Model converted to ONNX and saved as SSD300 fp32.onnx


In [18]:
import glob
from onnxruntime.quantization import (
    quantize_static,
    CalibrationDataReader,
    QuantFormat,
    QuantType,
)


class FileCalibrationDataReader(CalibrationDataReader):
    def __init__(self, image_paths, input_name="input", preprocess_fn=None):
        self.image_paths = image_paths
        self.input_name = input_name
        self.preprocess = preprocess_fn or self._default_preprocess
        self.index = 0

    def _default_preprocess(self, path):
        import cv2, numpy as np
        img = cv2.imread(path)
        img = cv2.cvtColor(img, cv2.COLOR_BGR2RGB)
        img = cv2.resize(img, (300, 300))
        return img.astype(np.float32) / 255.0

    def get_next(self):
        if self.index >= len(self.image_paths):
            return None

        # 1) load & preprocess a single image: shape (H, W, C)
        img = self.preprocess(self.image_paths[self.index])
        self.index += 1

        # 2) add batch dimension → shape (1, H, W, C)
        batched = img[np.newaxis, ...]

        # 3) return dict with correct rank
        return {self.input_name: batched}


# 1. Point at all the images in your folder:
calib_folder = "JPEGImages_rotated"
# match .jpg, .jpeg, .png (adjust extensions as needed)
image_paths = glob.glob(f"{calib_folder}/*.[jp][pn]g")

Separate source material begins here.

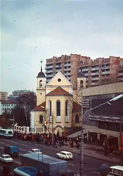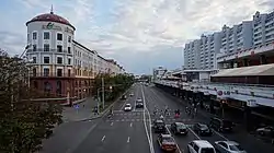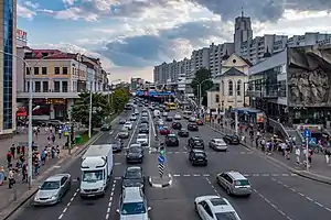 ![]() Вид с путепровода (ул. Ленина — пр. Победителей) на юго-запад. Справа (чётная сторона) видна застройка 1970-х — 1980-х годов, собор Петра и Павла (XVII век), фрагмент горельефа «Солидарность» | |

# 2. Create the reader (streams one file at a time)
reader = FileCalibrationDataReader(image_paths, input_name="input")

# 3. Run static INT8 quantization
quantize_static(
    model_input="SSD300 fp32.onnx",
    model_output="SSD300 int8.onnx",
    calibration_data_reader=reader,
    quant_format=QuantFormat.QDQ,    # or QuantFormat.QOperator
    activation_type=QuantType.QInt8,
    weight_type=QuantType.QInt8
)

print("✅ Static INT8 quantization complete: SSD300_int8.onnx")




✅ Static INT8 quantization complete: SSD300_int8.onnx